MLServer
MLServer copied to clipboard
Simplify interface to write custom runtimes
When writing custom runtimes, MLServer requires the user to know a bit about the V2 request and response structure, as well as codecs. This can add some friction when it comes to writing custom code.
When working in Tempo, one of the main aims was to simplify how “custom models” were implemented. Therefore, it would be interesting to revisit some of these ideas to help simplify MLServer runtimes.
With this goal in mind, it would be interesting to let the user write runtimes like the one below:
class MyCustomRuntime(MLModel):
# Use signatures to declare the expected request and response content types
async def predict(self, payload: np.array) -> np.array:
# Do something with the payload
pred = payload.sum(keepdims=1)
# Return result as is
return pred
Under the hood, MLServer could look at the Python type hints to determine the right content types that should be used, and add them to the model metadata. This would allow MLServer to, on-the-fly, find the right set of codecs and encode / decode the request and response.
Multiple Inputs / Outputs
The V2 protocol lets the user send and return multiple input and output “heads”. To account for this, the new simplified interface could use the names of the function arguments to match them with the incoming request:
class MyCustomRuntime(MLModel):
# Input `foo` would get passed as kwarg `foo`, and input `bar` as kwarg `bar`
async def predict(self, foo: np.array, bar: np.array) -> np.array:
...
When encoding back the response though, the signature itself doesn’t show any info about the expected names. Therefore, MLServer will need to:
- Look at the
outputsfield of the model metadata, and match the returned values based on their order. - In the absence of the above, make up some default names (e.g.
output-0,output-1, etc.).
Note that this doesn’t include function signatures with a single “multi-input/-output” return type, like a Pandas Dataframe. In these cases, MLServer will look at the column names to infer the right output names.

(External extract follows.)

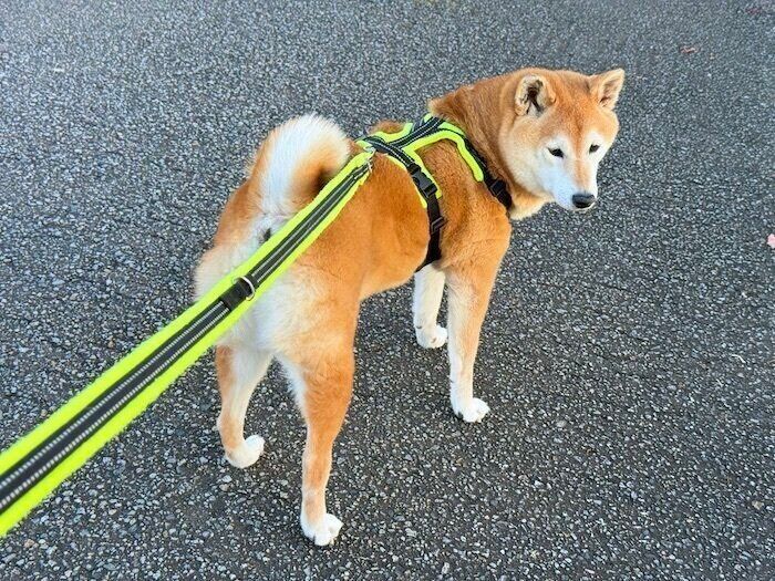 散歩デビューの日、ハーネスが大きくて“むちむち”に見えたポメラニアンの子犬・たわしちゃん。初めての散歩で見せた意外な一面や、2才目前の現在の“たぬき顔”な成長ぶりを紹介します。

Variable Content Types & Advanced Use Cases
In some cases, the approach suggested above may show some limitations though. For example, if we think of runtimes which accept a variable set of content types, like the MLflow or SKLearn runtimes (which accept either dataframes or numpy arrays), or other advanced use cases.
However, these use cases should still be supported by the current approach which would remain valid. That is, when using the “low-level” InferenceRequest and InferenceResponse types (which correspond to the respective V2 payloads), the encoding / decoding will be the user’s responsibility (who will need to call something like self.decode).